# Homework Help: Adiabatic Compression of an Ideal Gas

1. Feb 28, 2017

### Tom2017

Hello

My question is attached to this post ("Question") along with relevant equations I use. ("Image1" "Image2")
This is my attempted method.

First Law of thermodynamics --> DU = Q - W --> Adiabatic Process so Q = 0 --> DU = -W

W = ∫ P Dv Using the upper limit V2 Lower limit V1...

I obtain V1 by using the ideal gas law
I obtain V2 by using the equation in "Image 1"

To solve the integral I will use the ideal gas law and replace P with nRT/V and make use of equation in "Image 2" to calculate W.
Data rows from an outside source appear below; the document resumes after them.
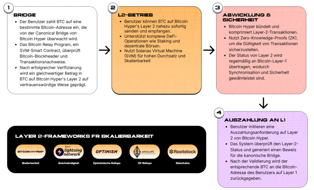 Bitcoin Hyper arbeitet im Dezember 2025 an einer solchen Layer-2-Lösung. Ziel ist es, schnellere Transaktionen, niedrigere Gebühren und flexible Anwendungen zu ermöglichen, während die Sicherheit der Bitcoin-Blockchain erhalten bleibt. Damit entsteht ein Raum für komplexe Anwendungen, die bislang vor allem auf Ethereum oder Solana zu finden waren. Durch die Integration der Solana Virtual Machine können bestehende Apps nahezu ohne Anpassung übertragen werden.
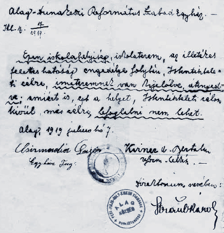 Ahhoz képest, hogy április 13-án még a honvédségtől kellett igazolást kérni személyazonosságáról és egy április 29-i keresztelést kérő levél így kezdődhetett: „Kedves Lelkész Elvtárs!”, 1919 júliusában, a kommün gyengülésével már kedvezményeket is ki tudott csikarni az alagi direktóriumtól: „Ezen iskolahelyiség, iskolaterem az illetékes felettes hatóság engedélye folytán Istentiszteleti célra, imateremnek van kijelölve, átengedve; amiért is ezt a helyet Istentiszteleti célon kívül más célra lefoglalni nem lehet. Alag, 1919. július hó 7. Csizmadia Lajos egyház tag, Kirner A. Bertalan reform. lelkész. Direktórium nevében: Straub Károly.”
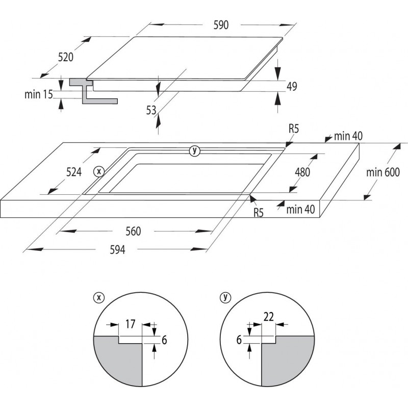 Розміри для вбудовування 56-56.4 × 3 × 48

Then to obtain the change in enthalpy DH, I will use the following --> DH = DU = -W

Thank you for your help. Is this method correct?

File size:
2.7 KB
Views:
59
File size:
2.8 KB
Views:
59
File size:
10.3 KB
Views:
60
2. Mar 1, 2017

### stevendaryl

Staff Emeritus
I didn't look over your figures in detail (in general, it's much nicer to learn to write your equations in LaTex, instead of using attachment pictures). It seems that your reasoning is mostly right, except when you wrote:

$dH = dU$

$H$ is defined to be $H = U + PV$, so $\Delta H = \Delta U + \Delta(PV)$

$\Delta(PV)$ is nonzero for an adiabatic change. (It's zero for an isothermal change).

3. Mar 1, 2017

### Staff: Mentor

There was no need to use the first law of thermodynamics on this, since Eqns. 1 and 2 already contain the result of integrating the first law for adiabatic compression or expansion of an ideal gas. Your first step should have been to eliminate the V's from Eqns. 1 and 2 to express the temperatures in terms of the pressures. What do you get when you do this? From the equation you derived, what is the final temperature? Once you know the final temperature, you know the temperature change $\Delta T$. What do you get for $\Delta T$? You are now in perfect position to calculate the internal energy change $\Delta U$ and the enthalpy change $\Delta H$. How is $\Delta U$ related to $C_v$, n, and $\Delta T$? How is $\Delta H$ related to $C_p$, n, and $\Delta T$. Since you know the heat capacity ratio $\gamma$, you can get $C_v$ and $C_p$. What are the values of these heat capacities?